In a GitOps style, a deployment starts with changes in application manifests in Git repositories tracked by ArgoCD, similar to how Flux works. However, what makes it shine is the capability to manage multi-tenant and multi-cluster deployments with fine controls. It can synchronise multiple applications of different teams to one or more Kubernetes clusters. Besides, it has a nice modern web UI, where users can see the status of their application deployments and administrators can manage projects and user access. (If viewing the following graphic on a mobile device, you can download a PDF here.)
ArgoCD is installed and managed completely in a Kubernetes-native way. It runs on Kubernetes in its own namespace and all configuration is stored in ConfigMaps, Secrets, and Custom Resources. This makes it possible to use a GitOps workflow for managing ArgoCD itself.
ArgoCD sports the widest support of different formats in your GitOps repository. Based on the documentation it can handle:
ArgoCD really shines when it comes to important features like multi-tenancy, but also has a myriad of customization options.
A single instance of ArgoCD can handle many applications of different teams. It does this using the concept of Projects. Project can hold multiple applications and are mapped to a Team. Members of a Team will only see the Projects assigned to them, and by extension only the applications which are in those Projects.
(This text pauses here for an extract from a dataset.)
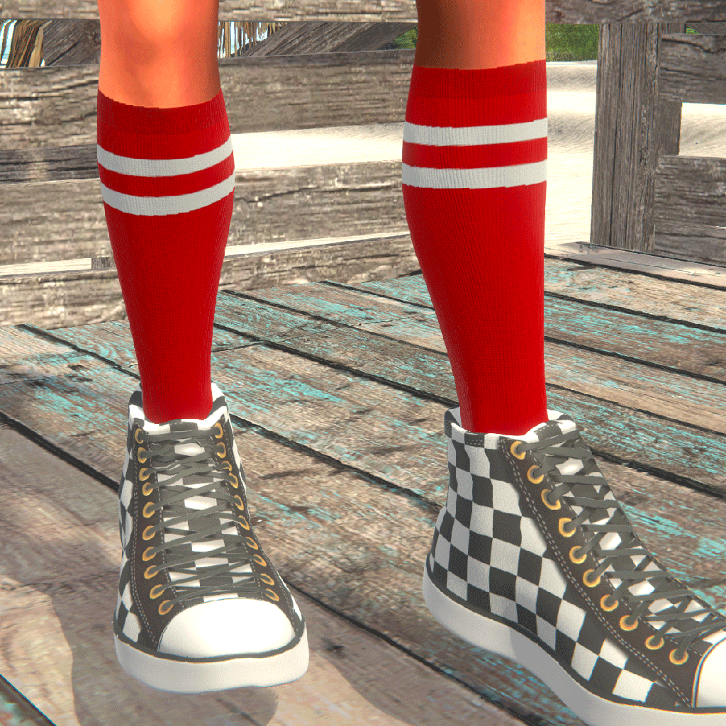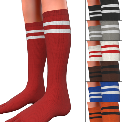 Our Stout socks are a taller ribbed knit sock, and designed to complement your boots. Worn as a tattoo layer, they will fit perfectly, and not add any bulk to your ankles or feet. Bundle includes socks in 7 colors for male avatars.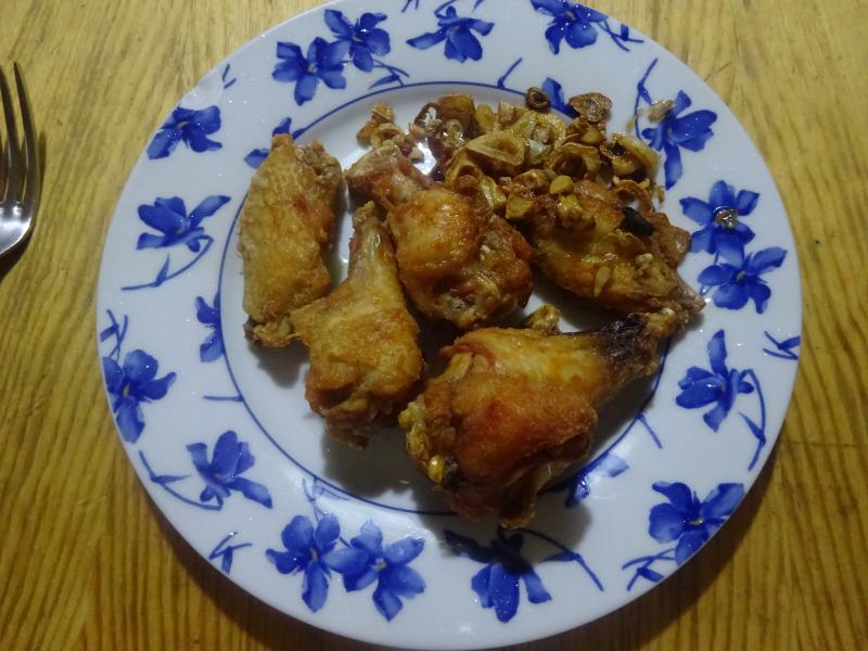 Pechuga de pollo no cobarde (este era mu tirao pálante), a la nata con mostaza, con cebollita picada y champiñones.

This model is very similar to Resources in namespaces in Kubernetes.
ArgoCD can sync applications on the Kubernetes cluster it is running on and can also manage external clusters. It can be configured to only have access to a restricted set of namespaces.
Credentials to the other clusters’ API Servers are stored as secrets in ArgoCD’s namespace. This can be a very useful feature for managing all your deployments from a single place, as long as you’re OK with exposing the other clusters’ APIs remotely. The built-in RBAC mechanism gives options to control access to deployments to different environments only to certain users.
Kubernetes resources can drift away from the configuration stored in Git when an operator of the cluster changes resources without going through the GitOps workflow (i.e, committing to Git). This is a problem in GitOps, as it’s very easy to make these changes and make the state in the Git repo out of date. ArgoCD can detect these changes and revert them, bringing the state back to what is defined in Git.
Deleting resources is another issue with GitOps. When a resource such as a deployment is removed from Git, `
kubectl apply` will ignore it (unless using the experimental `
--prune` flag). This makes developers unable to delete resources they created as their interface to Kubernetes is the Git repo. Helm does solve this problem, but so does ArgoCD. It can remove obsolete resources during its own sync process, so you don’t have to use Helm for just this feature.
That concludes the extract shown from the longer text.